As tensões aumentaram novamente em 2001, quando um ataque ao Parlamento da Índia foi atribuído a grupos baseados no Paquistão. Seguiu-se um impasse militar de dez meses, colocando os dois exércitos em alerta máximo. Escaladas semelhantes ocorreram após os ataques de 2008 em Mumbai, que deixaram mais de 170 mortos e estavam diretamente ligados ao Lashkar-e-Taiba.

Em 2016, e mais seriamente em 2019, após o atentado suicida de Pulwama, a Índia mudou de estratégia. Em vez de limitar sua resposta à diplomacia, lançou o que chamou de “ataques cirúrgicos” em toda a Linha de Controle e até realizou um ataque aéreo em Balakot, no Paquistão. O Paquistão retaliou, derrubando um caça indiano.

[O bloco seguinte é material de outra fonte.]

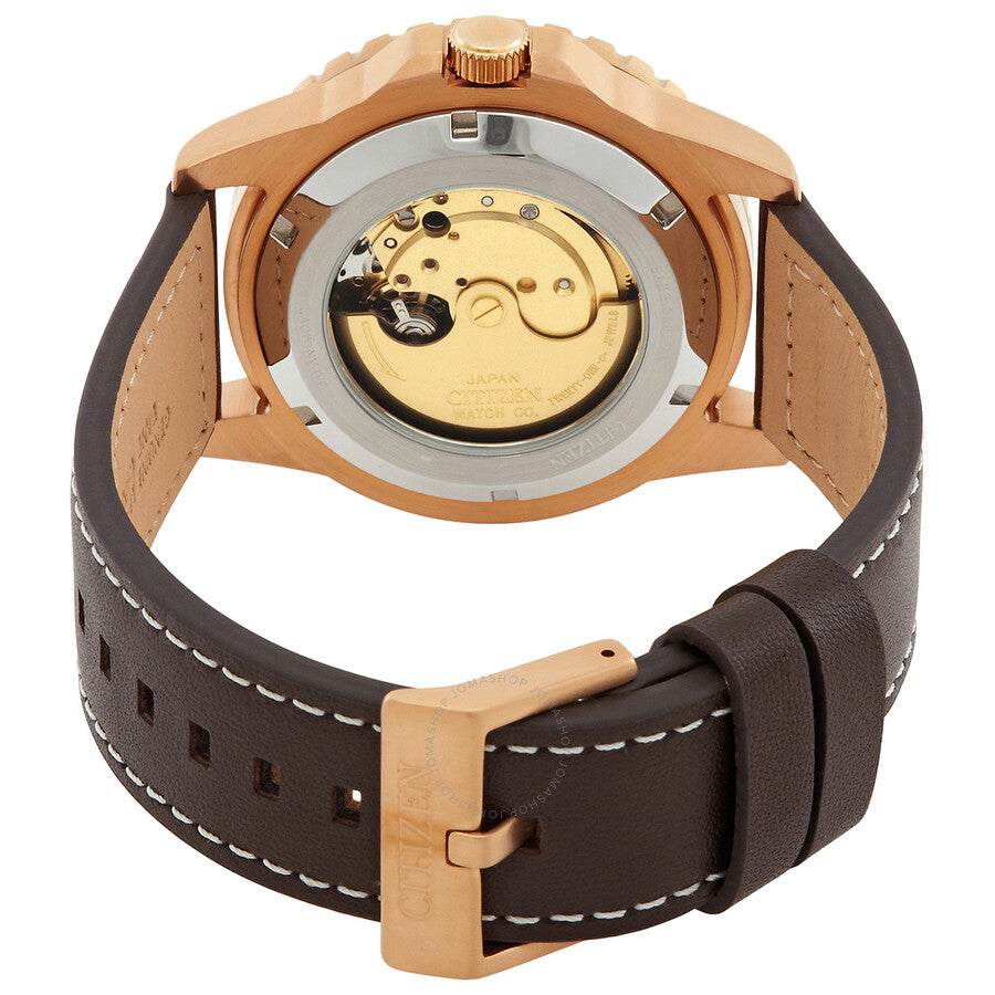 Rose gold-tone stainless steel case with a brown leather strap. Uni-directional rotating rose gold-tone stainless steel bezel with an inlaid green ring. Green dial with rose gold-tone hands and index hour markers. Minute markers around the outer rim. Dial Type: Analog. Date display at the 3 o'clock position. Citizen Caliber 8210 Automatic movement, containing 21 Jewels, bitting at 21600 vph, and has a power reserve of approximately 45 hours. Scratch resistant mineral crystal. Transparent case back. Round case shape, case size: 43 mm, case thickness: 12.4 mm. Tang clasp. Water resistant at 100 meters / 330 feet. Functions: date, hour, minute, second. Casual watch style. Watch label: Japan Movt. Citizen Automatic Green Dial Men's Watch NJ0173-18X.

O padrão estava se tornando claro: ataque militante, retaliação indiana, negação paquistanesa e mediação internacional para tirar as duas nações com armas nucleares da beira do abismo.

(Os Estados Unidos muitas vezes desempenharam um papel nos bastidores nesses momentos de desescalada, mas sua capacidade de aplicar pressão diminuiu. A ascensão estratégica e econômica da Índia, seus laços cada vez mais profundos com o Ocidente e o desejo de Washington de contrabalançar a China limitam a disposição americana de confrontar publicamente Nova Delhi. Enquanto isso, a influência do Paquistão com Washington diminuiu desde o fim da guerra no Afeganistão.)

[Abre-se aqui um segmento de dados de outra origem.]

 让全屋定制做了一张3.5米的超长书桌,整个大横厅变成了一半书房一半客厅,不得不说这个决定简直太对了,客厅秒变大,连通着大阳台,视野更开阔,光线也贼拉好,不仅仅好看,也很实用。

A crise atual segue esse roteiro de perto – mas com reviravoltas preocupantes. O ataque contra turistas, não contra as forças de segurança, marca uma mudança brutal nas táticas militantes. A suspensão da Índia do Tratado das Águas do Indo, um exemplo raro e de longa data de cooperação, sinaliza que mesmo acordos outrora sacrossantos estão agora em risco. As ameaças do Paquistão de abandonar Simla podem desfazer a própria base de sua estrutura diplomática.

Além disso, a política interna em ambos os países aumenta o risco. Na Índia, um forte governo nacionalista considera jogar duro com o Paquistão um trunfo político. No Paquistão, uma governo civil em dificuldades e militares poderosos podem ver o confronto como uma forma de reunir a unidade nacional ou desviar a atenção da instabilidade interna.

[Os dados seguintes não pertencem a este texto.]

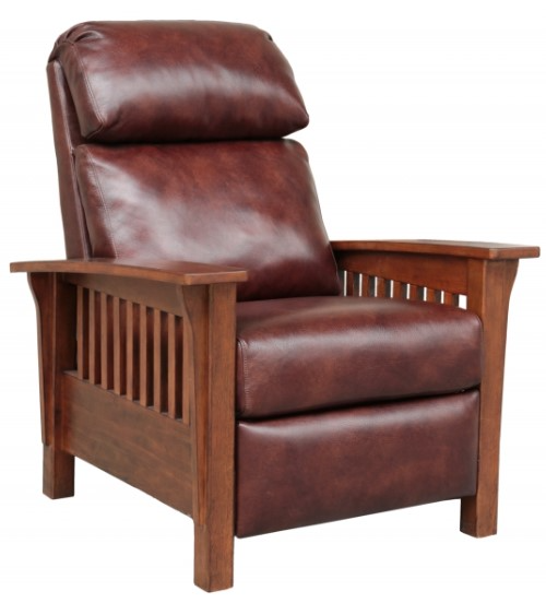 Characteristic of the arts and crafts period, this Mission 3 way low leg recliner offers classic craftsman styling and boast luxurious comfort with zippered semi attached back pillows, tight bullnose seat with pocketed coil springs encased in foam and wrapped in Dacron. Footrest extension for extra leg support.Read More

Enquanto isso, o povo da Caxemira permanece preso no fogo cruzado – explorado por militantes, reprimido pelas forças de segurança e ignorado na maioria dos cálculos diplomáticos. O plebiscito há muito prometido sobre o futuro da Caxemira, delineado pelas Nações Unidas em 1948, nunca se materializou. Nem a Índia nem o Paquistão parecem dispostos a arriscar contribuições democráticas que possam minar suas reivindicações.

A desescalada é urgentemente necessária, mas exigirá mais do que gerenciamento de crises. A atenção do mundo muitas vezes se volta para o sul da Ásia apenas quando a guerra parece iminente. Mas, a menos que as questões básicas – soberania, autodeterminação e desconfiança mútua – sejam abordadas, esse ciclo se repetirá.

Tanto a Índia quanto o Paquistão possuem o poder de destruir um ao outro. Mas ambos também possuem o poder de mudar a narrativa. Acabar com a militância, desmilitarizar a Linha de Controle, restaurar os canais de comunicação e conceder aos caxemires uma voz significativa em seu futuro não são coisas impossíveis – elas simplesmente exigem coragem.

Não podemos permitir que a tragédia em Pahalgam se transforme em outra guerra. O sul da Ásia já viu muitas. Mas se a história servir de guia, impedir a próxima exigirá mais do que diplomacia reativa e exigirá disposição para arcar com um grande risco político por parte da liderança de ambos os lados.